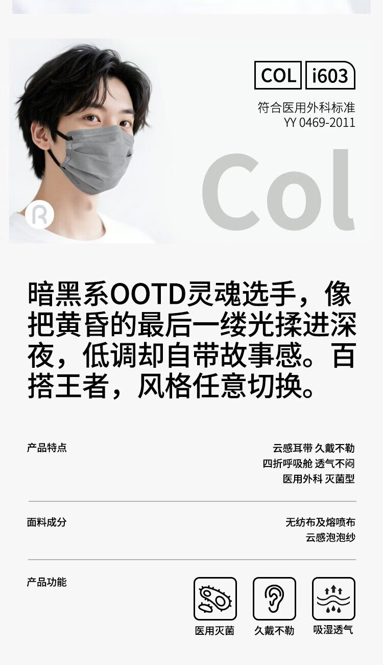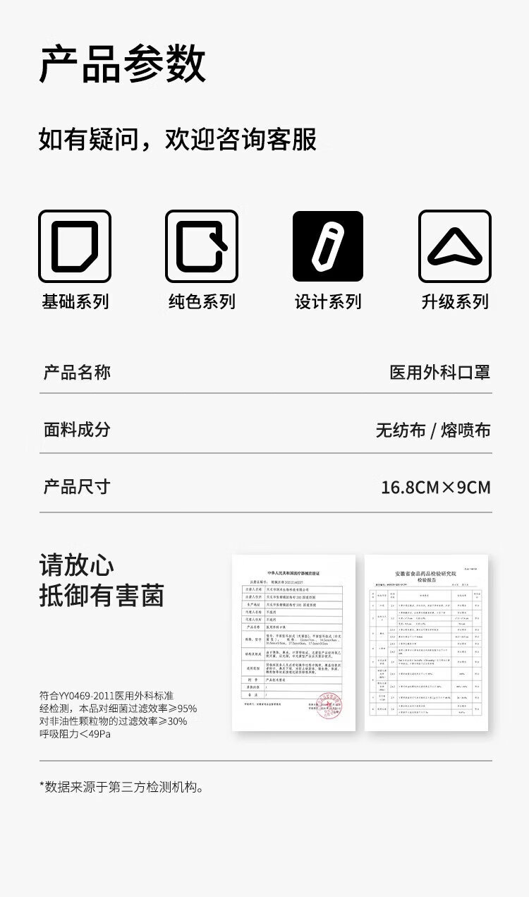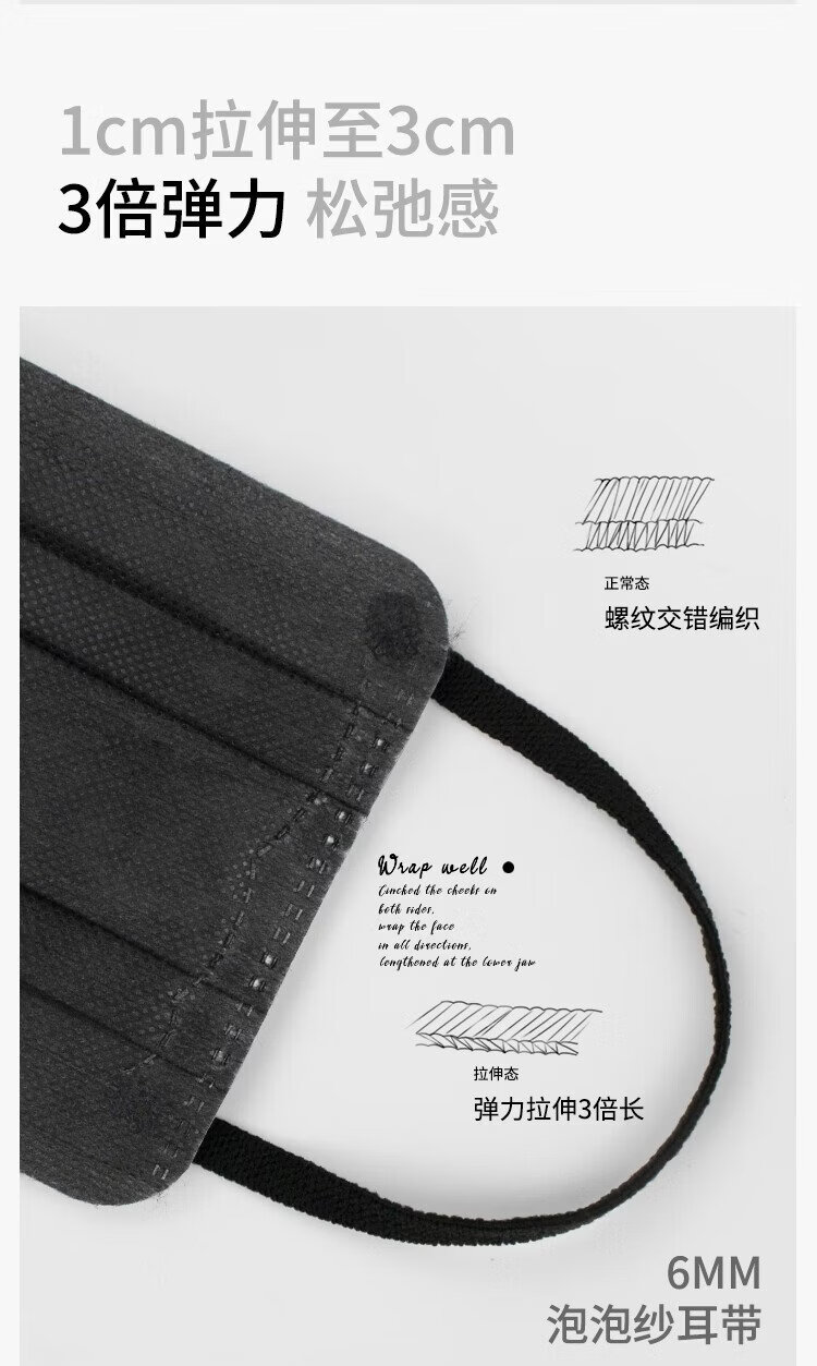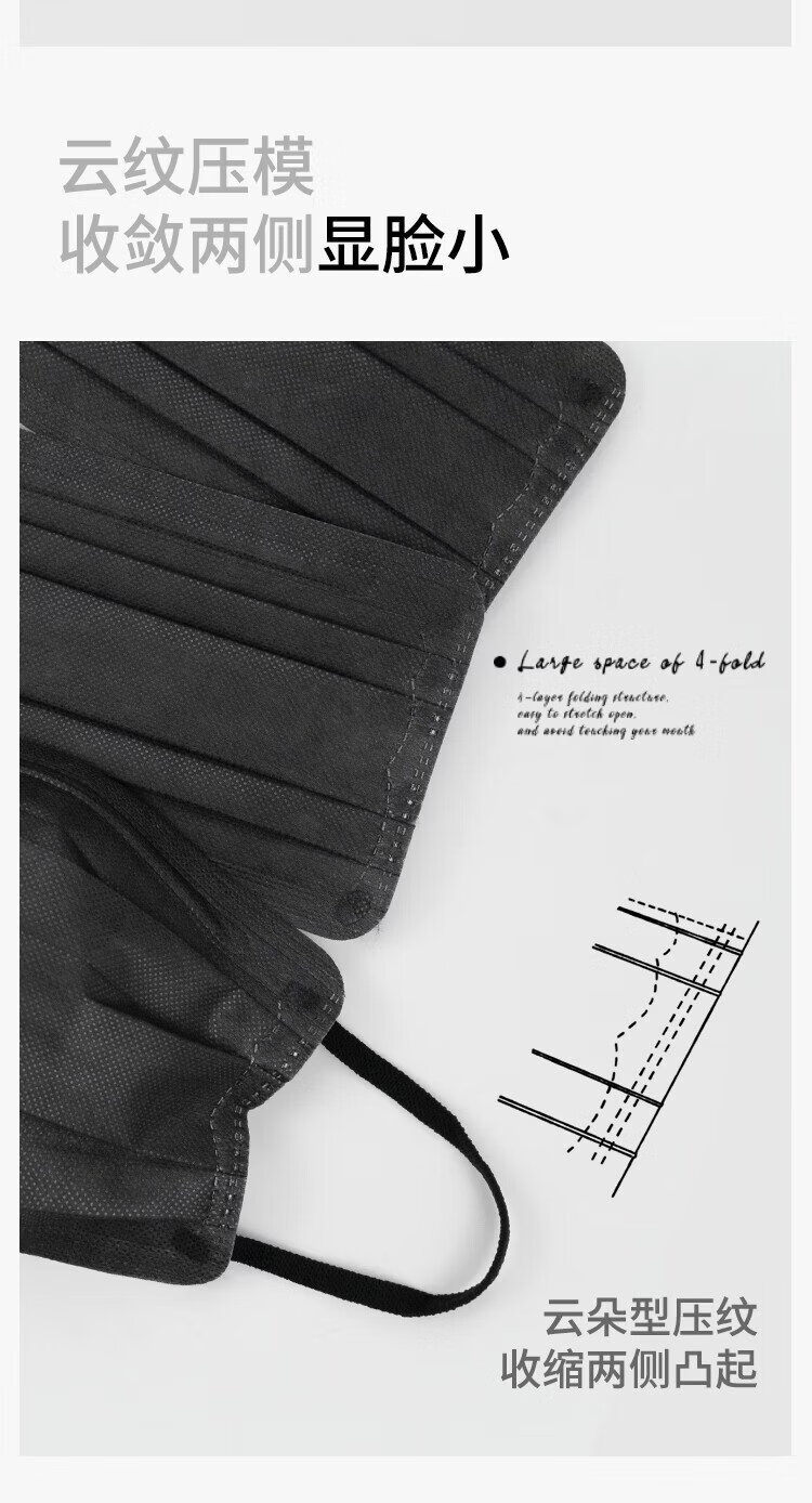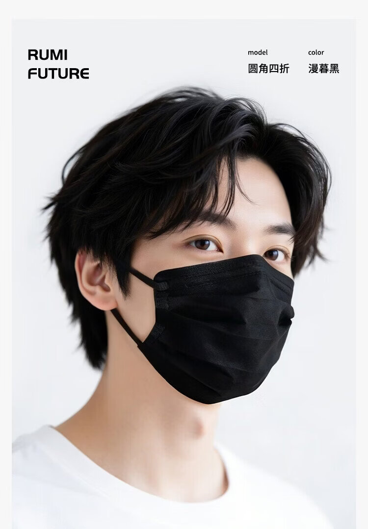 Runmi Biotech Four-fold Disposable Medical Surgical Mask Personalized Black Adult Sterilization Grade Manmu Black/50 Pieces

...

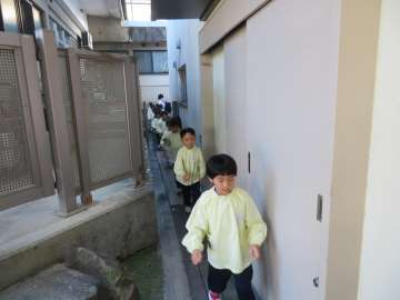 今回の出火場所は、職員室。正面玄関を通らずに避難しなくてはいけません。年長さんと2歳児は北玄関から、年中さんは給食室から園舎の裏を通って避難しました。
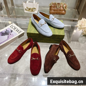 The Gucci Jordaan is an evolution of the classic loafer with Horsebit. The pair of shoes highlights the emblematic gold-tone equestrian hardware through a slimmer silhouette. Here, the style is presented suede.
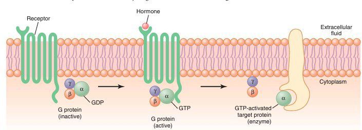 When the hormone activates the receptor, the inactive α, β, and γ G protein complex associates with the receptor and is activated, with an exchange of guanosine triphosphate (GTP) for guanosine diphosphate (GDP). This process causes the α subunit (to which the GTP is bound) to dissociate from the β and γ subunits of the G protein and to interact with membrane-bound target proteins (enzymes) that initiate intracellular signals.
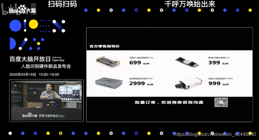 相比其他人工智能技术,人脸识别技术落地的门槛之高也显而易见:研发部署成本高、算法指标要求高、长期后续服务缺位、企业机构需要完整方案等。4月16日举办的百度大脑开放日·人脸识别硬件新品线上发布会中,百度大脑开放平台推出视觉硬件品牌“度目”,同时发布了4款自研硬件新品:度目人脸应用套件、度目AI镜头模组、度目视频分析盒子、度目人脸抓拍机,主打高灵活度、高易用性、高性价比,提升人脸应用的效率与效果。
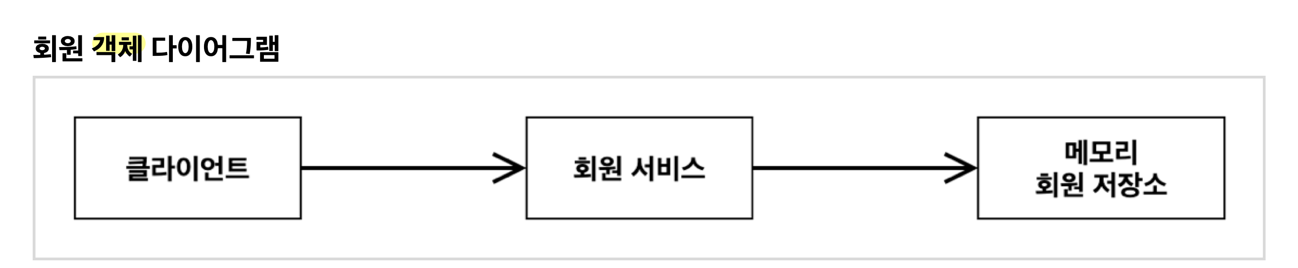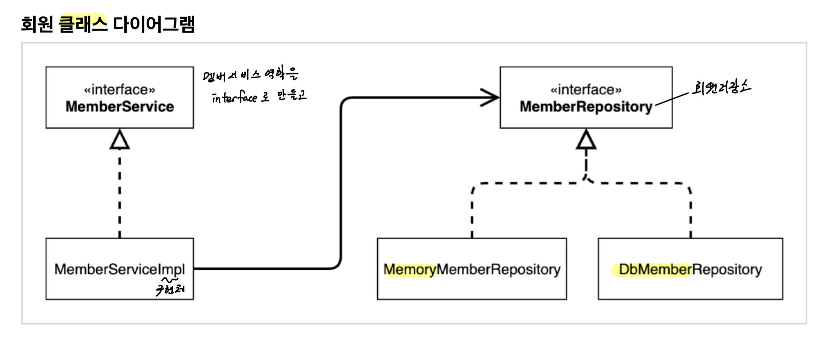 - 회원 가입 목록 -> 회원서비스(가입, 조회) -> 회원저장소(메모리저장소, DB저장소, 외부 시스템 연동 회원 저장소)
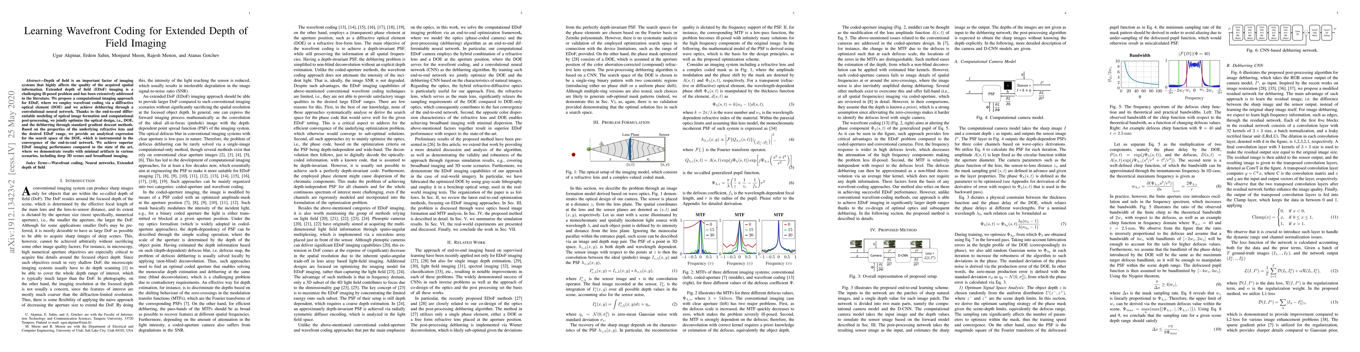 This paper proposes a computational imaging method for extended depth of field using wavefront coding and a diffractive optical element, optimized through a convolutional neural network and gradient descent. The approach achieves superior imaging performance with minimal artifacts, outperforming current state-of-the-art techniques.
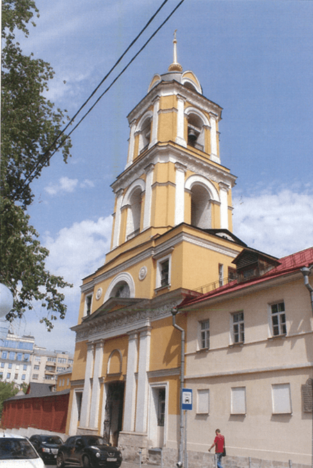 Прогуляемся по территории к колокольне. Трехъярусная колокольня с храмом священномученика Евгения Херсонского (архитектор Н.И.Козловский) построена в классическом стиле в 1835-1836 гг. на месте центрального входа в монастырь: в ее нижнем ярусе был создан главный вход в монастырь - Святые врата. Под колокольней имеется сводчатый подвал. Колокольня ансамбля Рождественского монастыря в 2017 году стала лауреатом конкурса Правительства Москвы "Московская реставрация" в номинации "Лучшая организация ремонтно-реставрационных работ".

WORK TASK: Quote word for word only the lines above from the one containing "This paper proposes" through the one containing "Прогуляемся по территории". Pictures stay out of your copy.

RESPONSE BELOW:
 This paper proposes a computational imaging method for extended depth of field using wavefront coding and a diffractive optical element, optimized through a convolutional neural network and gradient descent. The approach achieves superior imaging performance with minimal artifacts, outperforming current state-of-the-art techniques.
 Прогуляемся по территории к колокольне. Трехъярусная колокольня с храмом священномученика Евгения Херсонского (архитектор Н.И.Козловский) построена в классическом стиле в 1835-1836 гг. на месте центрального входа в монастырь: в ее нижнем ярусе был создан главный вход в монастырь - Святые врата. Под колокольней имеется сводчатый подвал. Колокольня ансамбля Рождественского монастыря в 2017 году стала лауреатом конкурса Правительства Москвы "Московская реставрация" в номинации "Лучшая организация ремонтно-реставрационных работ".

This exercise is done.